Now, there are subplots here that do very little for me, as an ace and no-longer-so-young adult. The “falling for my best friend” plot is pretty old, and Krys doesn’t do much new with that. Likewise, morally ambiguous rich guy falling for main character is another oldie-and-not-always-goodie. I appreciate that Krys exploits that moral ambiguity of Tucker’s for maximum effect, doubling down on the doubt by first undermining Ethan’s revelation of the criminal record and then pulling the rug out from beneath Hope when she least expects it.

Similarly, some of these subplots are also very rushed, or at least underdeveloped. Again, when it comes to the Hope/Tucker relationship, he makes his move the very same day she is back at school and things accelerate … quickly. There is little chance to build tension or for Hope to process what’s happening. (Then again, hormones? I guess?) Ethan’s conflicting relationship with another girl lives mostly in the background, the girlfriend coming to the fore only once or twice before being put on a bus. Fortunately, the main plot comes with enough tension to carry the rest of the story forward like an out-of-control train on greased-up tracks.

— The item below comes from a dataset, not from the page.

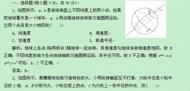 百度:2014届高考物理一轮复习 第4章 第3单元《圆周运动》定时跟踪检测 新人教版 Word版含解析

There’s more to Dead Girls Society than just thriller material too—there is commentary, both subtle and more obvious, about class and sexuality and gender. Krys contrasts Hope’s working-class family and its struggles to get by with the effortless glamour of Farrah, Tucker, and Nikki’s families—and the political consternation that hangs in the balance when these teenagers fuck up. Some stories, in their eagerness to critique the rich/poor divide, portray one side or the other in one dimension; this is where I find many dystopian YA stories let me down. Krys humanizes everyone, allowing us to understand—if not actually sympathize, because Tucker is a huge dick—why they act the way they do. I appreciate how Krys works these issues into the novel even though they aren’t a central feature.

Going to have to temper my enthusiasm slightly because of that ending, which almost has enough sugar mixed into it to dull the bitter taste of the rest of the book. This is a matter of personal taste, I guess. If you like “happy endings” where the protagonist gets all that she wants and maybe more, I guess you’ll enjoy this one. I prefer endings that are more ambiguous, endings that reflect the true uncertainty of life, endings that offer up the suggestion of hope (pun intended) but never the promise. While Krys does try to introduce an element of mystery right at the end (is there going to be a sequel? I’d read a sequel!), overall I feel like she wraps the story up in too much of a big bow before handing it to the reader.

I was decidedly lukewarm about Krys’ debut, Hexed, and consequently didn’t check out its sequel (even though I said I would, but hey, terrible person and all that). With Dead Girls Society I wanted to give her another try (and not just because she’s local—though that doesn’t hurt), and I don’t regret it. For all that it’s a smart and tightly-plotted thriller, it also doesn’t skimp on character development, and that is a balance I can get behind. Also, just realized I kind of bookended my year with Michelle Krys books. I should try doing that with more authors!